A criminal conviction for an unlawful activity is not a prerequisite for the institution of a civil
forfeiture proceeding. Stated otherwise, a finding of guilt for an unlawful activity is not an essential
element of civil forfeiture.
Section 6 of RA 9160, as amended, provides:

SEC. 6. Prosecution of Money Laundering.


(a) Any person may be charged with and convicted of both the offense of money
laundering and the unlawful activity as herein defined.

(b) Any proceeding relating to the unlawful activity shall be given precedence
over the prosecution of any offense or violation under this Act without prejudice to
the freezing and other remedies provided. (emphasis supplied)

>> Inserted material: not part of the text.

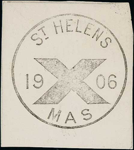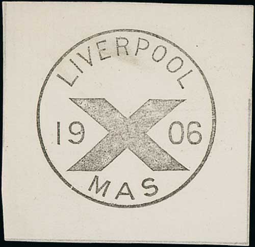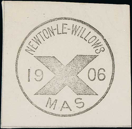 593 image1906 Proof impressions of "X/MAS" handstamps for Liverpool, St. Helens and Newton-le-Willows on pieces, the last two with partially printed details of the handstamp manufacturer on the reverse, apparently reading "George Lucy, Sole Engravers & Stamp Cutters to His Majestys Post Office". Probably unique. (3). Photo on Page 32. (Image1) (Image2) (Image3) (All Images)

Rule 6.1 of the Revised Implementing Rules and Regulations of RA 9160, as amended,
states:

Rule 6.1. Prosecution of Money Laundering

(a) Any person may be charged with and convicted of both the offense of money
laundering and the unlawful activity as defined under Rule 3(i) of the AMLA.
(b) Any proceeding relating to the unlawful activity shall be given precedence
over the prosecution of any offense or violation under the AMLA without prejudice to
the application ex-parte by the AMLC to the Court of Appeals for a freeze order with
respect to the monetary instrument or property involved therein and resort to other
remedies provided under the AMLA, the Rules of Court and other pertinent laws
and rules. (emphasis supplied)

Finally, Section 27 of the Rule of Procedure in Cases of Civil Forfeiture provides:

Sec. 27. No prior charge, pendency or conviction necessary. No prior criminal charge,
pendency of or conviction for an unlawful activity or money laundering offense is
necessary for the commencement or the resolution of a petition for civil forfeiture.
(emphasis supplied)

Thus, regardless of the absence, pendency or outcome of a criminal prosecution for the
unlawful activity or for money laundering, an action for civil forfeiture may be separately and
independently prosecuted and resolved.